WHAT IS REQUIRED - Print the data verbatim. Leave every image out.
::: DATA PROVIDED :::
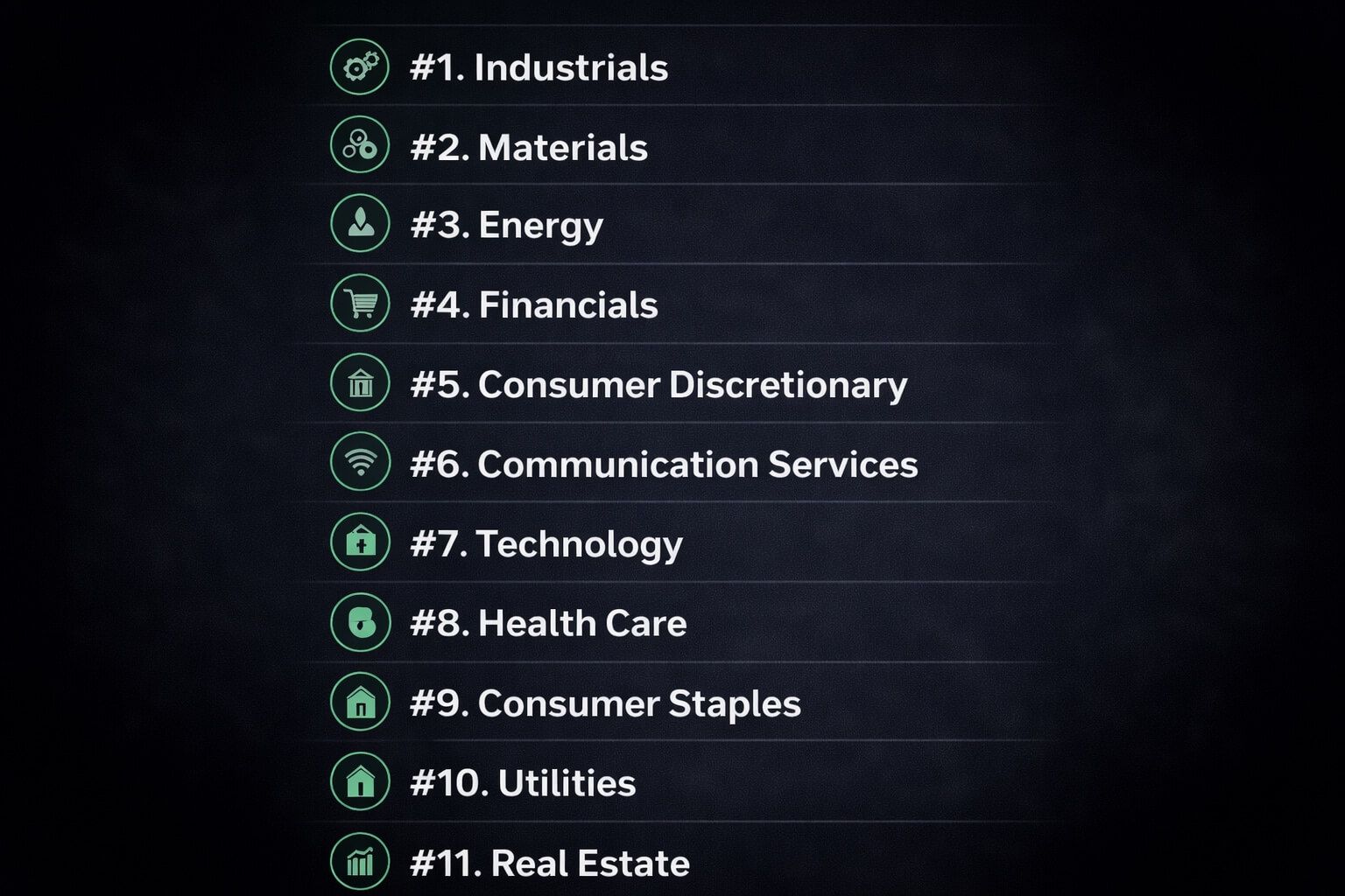 Financials and Consumer Discretionary remain in the upper-middle tier without advancing into the top positions.
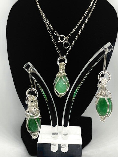THE STONE IS CHRYSOPRASE..SYMBOLIZE HAPPINESS,ENTERPRISE AND PRUDENCE. ITS A PWERFUL STONE THAT BRINGS GOOD FORTUNE & PROSPERITY. MATCHING EARRINGS ALL INTRICATELY HANDWRAPPED WITH FINE SILVER. STERLING SILVER.
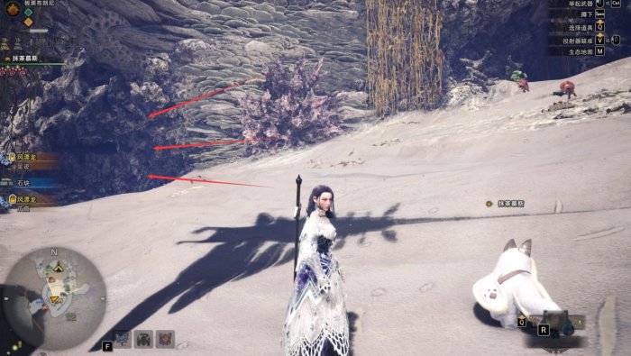 这里可以看到很长的一条藤蔓,红框处有一只楔虫,按下瞄准键,会有按键提示,按下鼠标右键可以发射钩爪拉上去,化身新大陆蜘蛛侠。
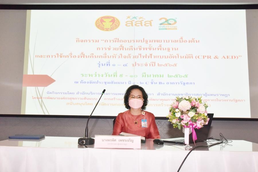 เลขาธิการสภาผู้แทนราษฎร เป็นประธานในพิธีเปิดกิจกรรม การฝึกอบรมปฐมพยาบาลเบื้องต้น การช่วยฟื้นคืนชีพขั้นพื้นฐาน และการใช้เครื่องฟื้นคืนคลื่นหัวใจด้วยไฟฟ้าแบบอัตโนมัติ (CPR & AED) ประจำปี 2565 ภายใต้โครงการพัฒนาองค์กรสุขภาวะต้นแบบฯ รุ่นที่ 1
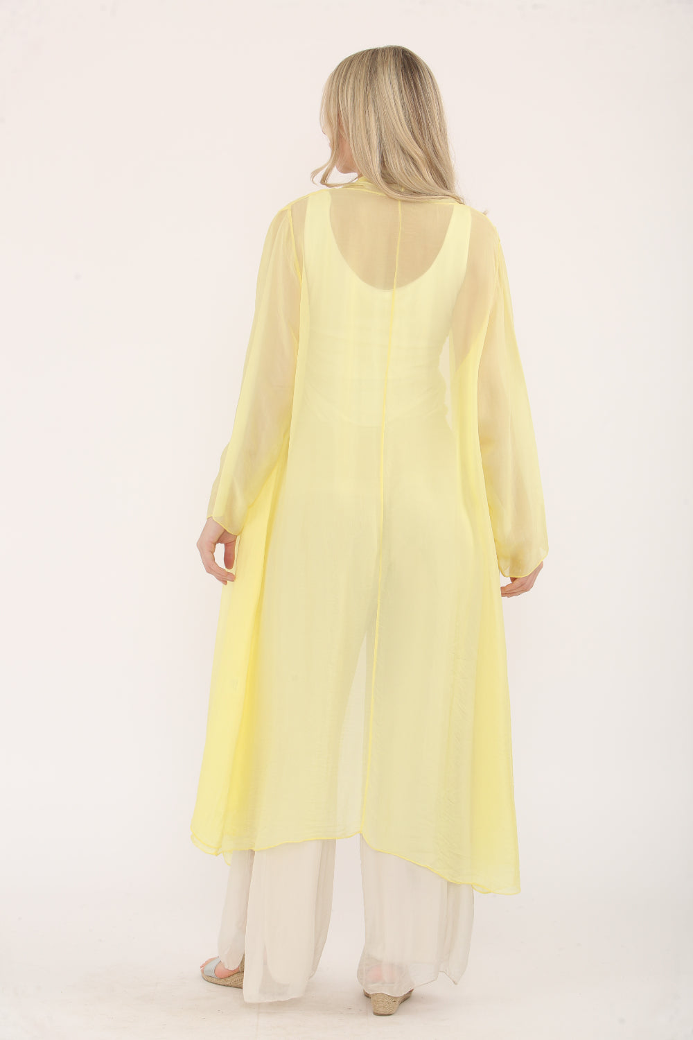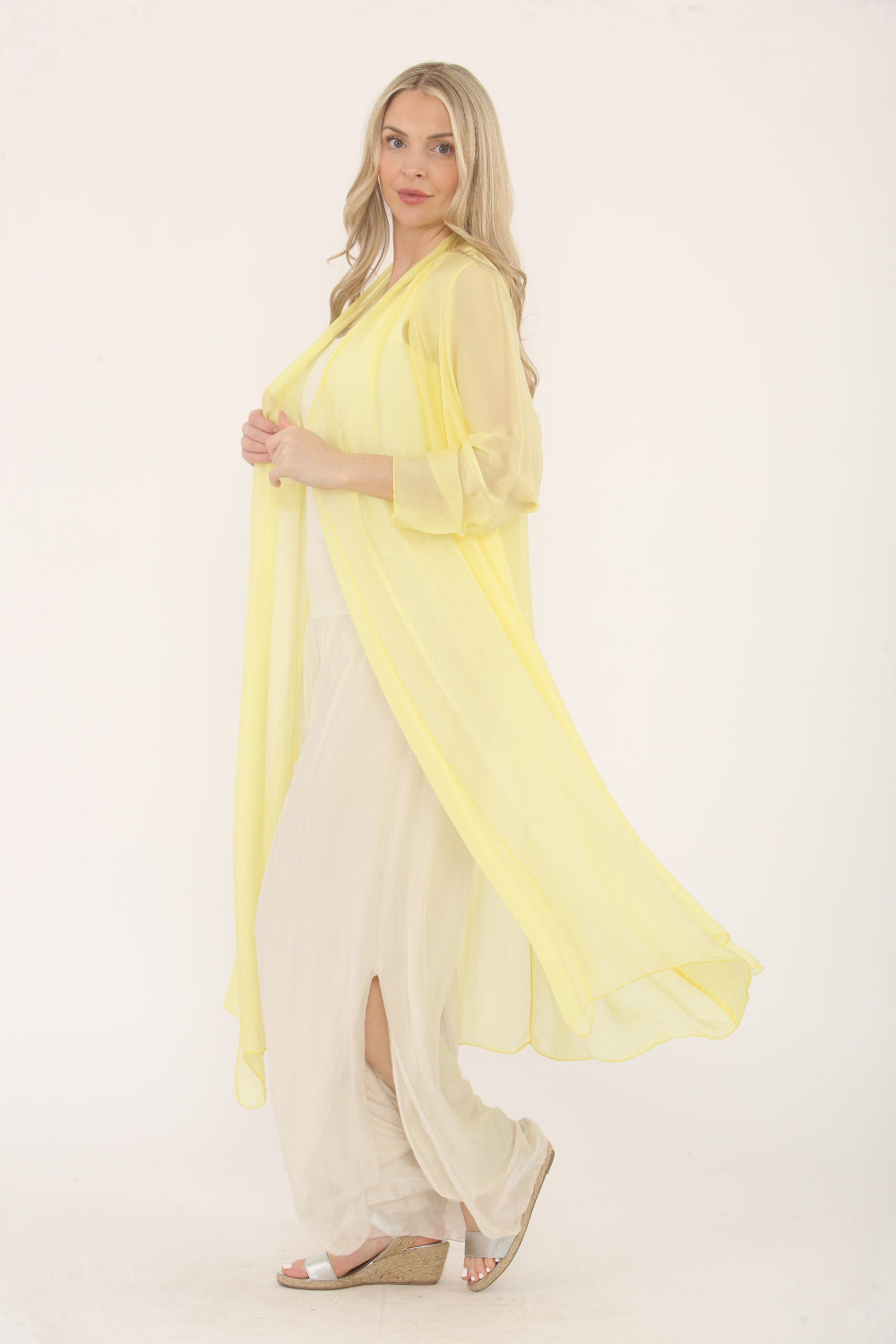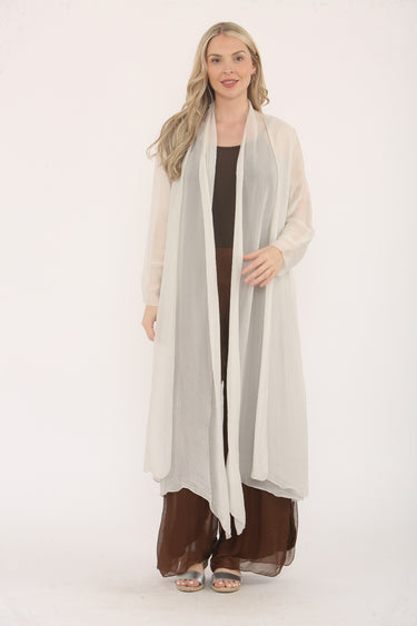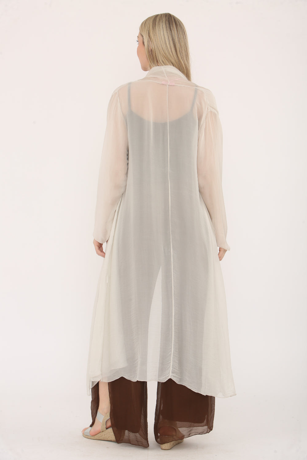 Elevate your layering game with this elegant sheer longline jacket. Featuring a flowing open-front design, long sleeves, and a lightweight, silky fabric, it's perfect for adding sophistication to both casual and formal outfits. A versatile wardrobe essential for effortless chic.
:::
RESPONSE TO THIS TASK -
 Financials and Consumer Discretionary remain in the upper-middle tier without advancing into the top positions.
THE STONE IS CHRYSOPRASE..SYMBOLIZE HAPPINESS,ENTERPRISE AND PRUDENCE. ITS A PWERFUL STONE THAT BRINGS GOOD FORTUNE & PROSPERITY. MATCHING EARRINGS ALL INTRICATELY HANDWRAPPED WITH FINE SILVER. STERLING SILVER.
 这里可以看到很长的一条藤蔓,红框处有一只楔虫,按下瞄准键,会有按键提示,按下鼠标右键可以发射钩爪拉上去,化身新大陆蜘蛛侠。
 เลขาธิการสภาผู้แทนราษฎร เป็นประธานในพิธีเปิดกิจกรรม การฝึกอบรมปฐมพยาบาลเบื้องต้น การช่วยฟื้นคืนชีพขั้นพื้นฐาน และการใช้เครื่องฟื้นคืนคลื่นหัวใจด้วยไฟฟ้าแบบอัตโนมัติ (CPR & AED) ประจำปี 2565 ภายใต้โครงการพัฒนาองค์กรสุขภาวะต้นแบบฯ รุ่นที่ 1
 Elevate your layering game with this elegant sheer longline jacket. Featuring a flowing open-front design, long sleeves, and a lightweight, silky fabric, it's perfect for adding sophistication to both casual and formal outfits. A versatile wardrobe essential for effortless chic.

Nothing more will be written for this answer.